▶ THE TASK:
From the line that contains "ಏನಪ್ಪಾ, ಏನ್ ಏನೋ" to the final line of the entries, return every line exactly and leave out all others.

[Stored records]
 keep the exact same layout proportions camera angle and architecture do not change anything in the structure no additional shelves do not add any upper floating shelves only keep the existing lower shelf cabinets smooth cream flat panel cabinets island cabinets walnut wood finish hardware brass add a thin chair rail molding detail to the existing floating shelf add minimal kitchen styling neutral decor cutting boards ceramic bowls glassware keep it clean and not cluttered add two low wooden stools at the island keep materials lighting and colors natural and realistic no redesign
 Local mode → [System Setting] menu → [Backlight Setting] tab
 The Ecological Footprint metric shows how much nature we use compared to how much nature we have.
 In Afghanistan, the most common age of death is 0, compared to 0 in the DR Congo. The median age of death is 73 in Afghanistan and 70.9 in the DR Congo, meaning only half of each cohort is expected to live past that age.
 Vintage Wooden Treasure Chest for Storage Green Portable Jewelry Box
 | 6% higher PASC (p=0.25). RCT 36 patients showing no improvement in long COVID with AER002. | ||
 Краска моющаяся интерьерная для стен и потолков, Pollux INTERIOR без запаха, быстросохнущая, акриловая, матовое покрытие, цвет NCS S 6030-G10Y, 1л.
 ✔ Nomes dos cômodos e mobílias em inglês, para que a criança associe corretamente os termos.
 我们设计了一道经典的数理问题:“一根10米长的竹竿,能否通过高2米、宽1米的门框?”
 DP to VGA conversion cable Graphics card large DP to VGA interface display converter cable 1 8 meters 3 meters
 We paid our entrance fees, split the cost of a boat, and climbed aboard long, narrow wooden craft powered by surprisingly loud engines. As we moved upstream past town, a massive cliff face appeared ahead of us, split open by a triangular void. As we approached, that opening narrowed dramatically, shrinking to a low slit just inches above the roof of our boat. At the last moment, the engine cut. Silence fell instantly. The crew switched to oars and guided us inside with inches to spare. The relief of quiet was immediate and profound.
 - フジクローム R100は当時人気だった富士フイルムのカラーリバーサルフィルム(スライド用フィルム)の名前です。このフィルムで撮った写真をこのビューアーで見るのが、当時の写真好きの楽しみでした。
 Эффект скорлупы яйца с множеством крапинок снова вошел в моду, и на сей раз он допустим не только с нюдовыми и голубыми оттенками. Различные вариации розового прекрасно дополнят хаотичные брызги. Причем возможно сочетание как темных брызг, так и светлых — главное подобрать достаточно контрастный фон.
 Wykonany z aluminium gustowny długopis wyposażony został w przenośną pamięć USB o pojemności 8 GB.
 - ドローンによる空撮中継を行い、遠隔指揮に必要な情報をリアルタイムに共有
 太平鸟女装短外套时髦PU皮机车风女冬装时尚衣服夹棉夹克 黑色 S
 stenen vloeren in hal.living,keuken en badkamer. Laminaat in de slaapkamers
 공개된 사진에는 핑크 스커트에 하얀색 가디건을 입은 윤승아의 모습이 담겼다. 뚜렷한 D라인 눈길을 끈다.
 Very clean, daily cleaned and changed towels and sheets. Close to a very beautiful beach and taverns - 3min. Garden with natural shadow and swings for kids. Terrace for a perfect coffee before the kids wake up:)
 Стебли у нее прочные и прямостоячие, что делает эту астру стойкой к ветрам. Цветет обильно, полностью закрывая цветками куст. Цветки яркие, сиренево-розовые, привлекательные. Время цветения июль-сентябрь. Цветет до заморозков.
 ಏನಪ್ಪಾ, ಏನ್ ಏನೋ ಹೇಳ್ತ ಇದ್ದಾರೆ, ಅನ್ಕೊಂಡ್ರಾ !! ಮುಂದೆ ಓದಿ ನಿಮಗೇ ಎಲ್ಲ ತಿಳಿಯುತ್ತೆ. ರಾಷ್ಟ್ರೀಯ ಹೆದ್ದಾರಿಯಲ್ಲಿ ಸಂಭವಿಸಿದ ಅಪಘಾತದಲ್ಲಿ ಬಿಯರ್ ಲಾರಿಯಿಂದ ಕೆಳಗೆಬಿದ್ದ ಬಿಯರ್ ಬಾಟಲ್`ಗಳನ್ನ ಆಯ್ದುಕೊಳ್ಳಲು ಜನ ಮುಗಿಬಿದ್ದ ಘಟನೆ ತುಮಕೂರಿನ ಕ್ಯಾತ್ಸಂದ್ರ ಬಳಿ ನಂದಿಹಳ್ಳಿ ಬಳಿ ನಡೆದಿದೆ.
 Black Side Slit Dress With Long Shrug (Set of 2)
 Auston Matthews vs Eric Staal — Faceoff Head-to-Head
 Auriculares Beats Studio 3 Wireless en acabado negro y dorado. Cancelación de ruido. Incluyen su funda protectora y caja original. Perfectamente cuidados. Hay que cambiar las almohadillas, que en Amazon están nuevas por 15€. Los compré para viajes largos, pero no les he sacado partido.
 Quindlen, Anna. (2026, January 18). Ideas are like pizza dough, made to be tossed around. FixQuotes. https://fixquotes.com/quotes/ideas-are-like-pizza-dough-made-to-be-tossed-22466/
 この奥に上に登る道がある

▶ TASK RESULT:
 ಏನಪ್ಪಾ, ಏನ್ ಏನೋ ಹೇಳ್ತ ಇದ್ದಾರೆ, ಅನ್ಕೊಂಡ್ರಾ !! ಮುಂದೆ ಓದಿ ನಿಮಗೇ ಎಲ್ಲ ತಿಳಿಯುತ್ತೆ. ರಾಷ್ಟ್ರೀಯ ಹೆದ್ದಾರಿಯಲ್ಲಿ ಸಂಭವಿಸಿದ ಅಪಘಾತದಲ್ಲಿ ಬಿಯರ್ ಲಾರಿಯಿಂದ ಕೆಳಗೆಬಿದ್ದ ಬಿಯರ್ ಬಾಟಲ್`ಗಳನ್ನ ಆಯ್ದುಕೊಳ್ಳಲು ಜನ ಮುಗಿಬಿದ್ದ ಘಟನೆ ತುಮಕೂರಿನ ಕ್ಯಾತ್ಸಂದ್ರ ಬಳಿ ನಂದಿಹಳ್ಳಿ ಬಳಿ ನಡೆದಿದೆ.
 Black Side Slit Dress With Long Shrug (Set of 2)
 Auston Matthews vs Eric Staal — Faceoff Head-to-Head
 Auriculares Beats Studio 3 Wireless en acabado negro y dorado. Cancelación de ruido. Incluyen su funda protectora y caja original. Perfectamente cuidados. Hay que cambiar las almohadillas, que en Amazon están nuevas por 15€. Los compré para viajes largos, pero no les he sacado partido.
 Quindlen, Anna. (2026, January 18). Ideas are like pizza dough, made to be tossed around. FixQuotes. https://fixquotes.com/quotes/ideas-are-like-pizza-dough-made-to-be-tossed-22466/
 この奥に上に登る道がある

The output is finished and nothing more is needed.